Building a Text-to-Speech Converter using AWS Lambda and Polly.

This time, I challenged myself to build a web application entirely using AWS services. While the idea of connecting multiple services together felt slightly overwhelming at first, the process turned out to be not only educational but also incredibly fun! 😄

The goal? To create a Text-to-Speech converter, a web app where users can input any text and receive spoken audio in return, powered by Amazon Polly.

This wasn’t just about writing a Lambda function, but understanding how different AWS services like IAM, API Gateway, and Polly come together to deliver a real-world cloud solution.

What I Built:

A simple yet powerful Text-to-Speech web app that:

Accepts user input via a web page
Sends the text to a Lambda function
Uses Amazon Polly to convert text into speech
Streams back the audio as a playable response

AWS Services used:

IAM
AWS Lambda
Amazon Polly
API Gateway
S3

Implementation steps.

Setting up the IAM Role.

→ The first step in the process is to create an IAM Role using “Create role” action that would allow Lambda function to access other AWS Services securely.

→ Since an AWS Service called Lambda would be using this role, the trusted entity type had to be an AWS Service and Use case being Lambda

→ Once done, I attached the required permissions AmazonPollyFullAccess(to let function interact with Polly service) and AWSLambdaBasicExecutionRole(required for basic Lambda functionality).

→ After reviewing the permissions and settings, I gave the role a meaningful name to easily identify it later and created it successfully.

Creating the Lambda function.

→ Once the IAM role was ready, I moved on to building the core component of the project: the AWS Lambda function.

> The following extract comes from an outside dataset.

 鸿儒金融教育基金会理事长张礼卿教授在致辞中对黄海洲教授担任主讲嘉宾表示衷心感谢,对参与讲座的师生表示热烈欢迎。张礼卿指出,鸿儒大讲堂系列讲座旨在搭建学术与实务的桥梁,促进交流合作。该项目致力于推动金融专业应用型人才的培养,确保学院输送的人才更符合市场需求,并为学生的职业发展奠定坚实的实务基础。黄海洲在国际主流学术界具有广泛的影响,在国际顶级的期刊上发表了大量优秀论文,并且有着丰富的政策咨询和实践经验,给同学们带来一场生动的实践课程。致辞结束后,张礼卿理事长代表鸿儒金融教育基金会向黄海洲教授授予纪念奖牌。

Searching for AWS Lambda.png

Create a function action.png

→ Since this project involved writing the code from scratch, I chose the “Author from scratch” which gives us the same Hello World program boiler plate. I then filled the basic information like function name and runtime which is Python 3.9 and chose existing IAM role which we created in the previous step.

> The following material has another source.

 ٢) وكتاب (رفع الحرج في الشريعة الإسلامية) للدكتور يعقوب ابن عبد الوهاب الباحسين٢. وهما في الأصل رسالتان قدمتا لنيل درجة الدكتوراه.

Lambda function basic information.png

Existing role.png

→ Finally I added this Python code with Polly integration

import boto3
import base64
import json

polly_client = boto3.client('polly');

def lambda_handler(event, context):
    
    text = event['queryStringParameters']['text'];

    response = polly_client.synthesize_speech(
        Text = text,
        OutputFormat = 'mp3',

        # The VoiceId is a required parameter in synthesize_speech API call of AWS Polly.
        # It tells which voice to use when converting text to speech.
        # For Example, Raveena correspond's to female's voice with Indian English accent.
        VoiceId = 'Raveena'
    )

    audio = response['AudioStream'].read()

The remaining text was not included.